JAMA – methods move fast: if used same methods as five years ago in a paper submitted today, paper would be returned with tons of methods critiques

child maltreatment public (state-level) policy analysis: how different state laws correlated with different pediatric outcomes.

used LLMs to summarize a bunch of public policies. does maltreatment definition include physical abuse? is reporting centralized or not (hotline)? then factor analysis to find factors to make cohorts (find underlying patterns in policies): mandated reporter? reporter training? then cluster around to find specific factor combinations (few/moderate/high levels of training, or penalties, etc.). then look at outcome differences. (will insert screenshots later)

policy -> difference-in-difference: check if results still hold between 2019 and 2021 when policies were in-place and not-in-place.

dinner / expo

they have free headshots! i desperately need one, but [tmi] i have a giant pimple right now :'( maybe that’s what AI is for lol. the expo … somehow i was completely uninterested. i think i felt rejected by my coworkers. i called a friend for moral support lol

personal thoughts

overall the conference is more diverse than i expected (which isn’t saying that much though tbh). i wonder how the stats compare to IROS/RSS/ICRA.

i need to remind myself i’m utterly new to this field and i’m not here presenting a paper or poster. of course, i will have to work harder to connect technically with people, and surface a whole different set of my interests than i usually nerd out about. people here are not excited about welding robots or maker faire or engineering education. nor are they nerding out about the latest theoretical advances and architectures and benchmark leaderboards. people here talk about weird interesting healthcare things.

i’ve only officially been to robotics conferences as a presenter

so there’s multiple factors at play here for my social sore thumb feeling.

mostly, i was really surprised when a fellow attendee who also went to the boston VA for many years declined to connect on linkedin. but i guess we exchanged conference app qr codes? in any case – the main thing i learned talking to her is that there a huge disparity in resources in regional VAs. i thought it was a national organization but apparently not. we in boston have the resources to figure out how to get at data sets but researchers in other VA regional sites do not. even though the data sets are VA datasets! at least, this was her experience a decade ago. also, generally feeling a bit surprised that my coworkers are not meeting up between sessions and discussing topics in real time constantly. i guess we are not really in the same lab. i gave up on organizing meals with my labmates and just messaged randomly people (around my career level) to find someone to go to dinner with. a person from WINE invited me to a dinner with a bunch of student volunteers for the conference. note: if you join the working group, there’s a chance you can be invited to volunteer for the conference and the registration fee is waived. (but travel, hotel, food not covered).

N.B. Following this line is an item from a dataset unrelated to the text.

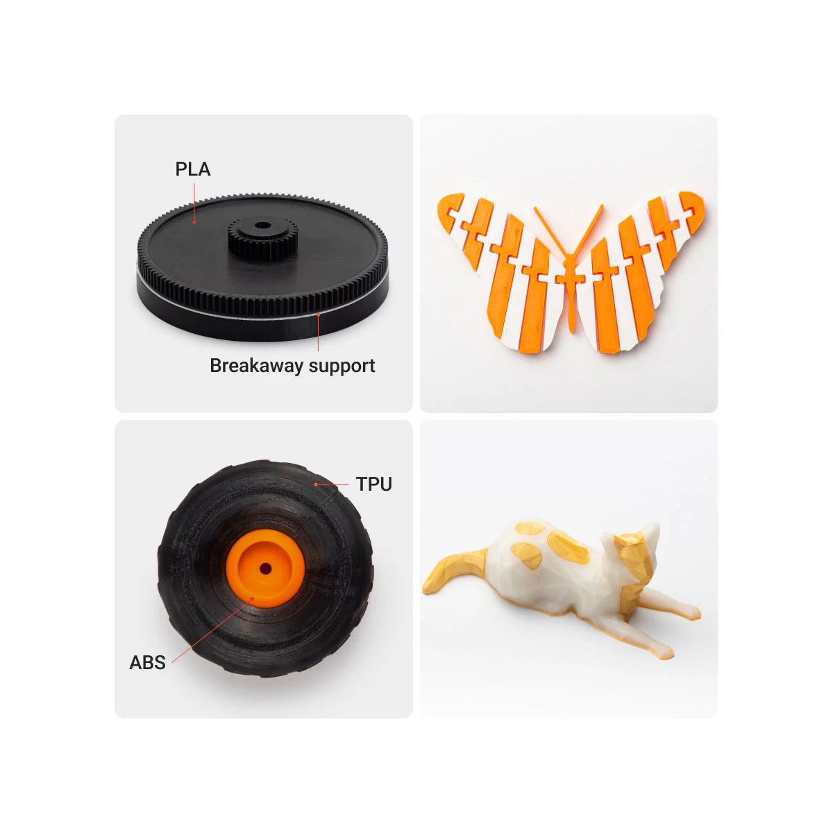 پرینتر سهبعدی Snapmaker J1 High Speed IDEX با فناوری Fused Filament Fabrication (FFF) و سیستم اکسترودر مستقل دوگانه (IDEX) طراحی شده است. این پرینتر برای چاپ مدلهای پیچیده و دقیق مناسب است و قابلیتهای متنوعی را در اختیار کاربران قرار میدهد.

people expect postdocs to have a research idea and focus, so i need a different self-intro hook.

that makes sense. i’m not really working with a professor directly on a specific idea. as a result of my lack of topic, i need a different self blurb than “i do data science at the VA.” i think the only thing i’ve done of interest to folks is my thesis research topic.

alternatively, i could just not talk to anyone and do my own work. but oh, i felt a bit sad to not have people to compare notes with after the sessions. i really wanted those interesting and thought-provoking technical conversations i would have late at night in undergrad. (i never really got that in grad school except for classes, not research). i really did yesterday. but y’know, this is like one day into the field for me depending on how you count lol

grad school – i wish that after leave of absence they’d invested in my success instead of throwing me in and asking me to perform better than other people with a handicap already. i learned so much in so little time from this conference ! !

i guess for many of the older/senior folks, AMIA is like putzgiving, where people fly in every year and it’s a reunion.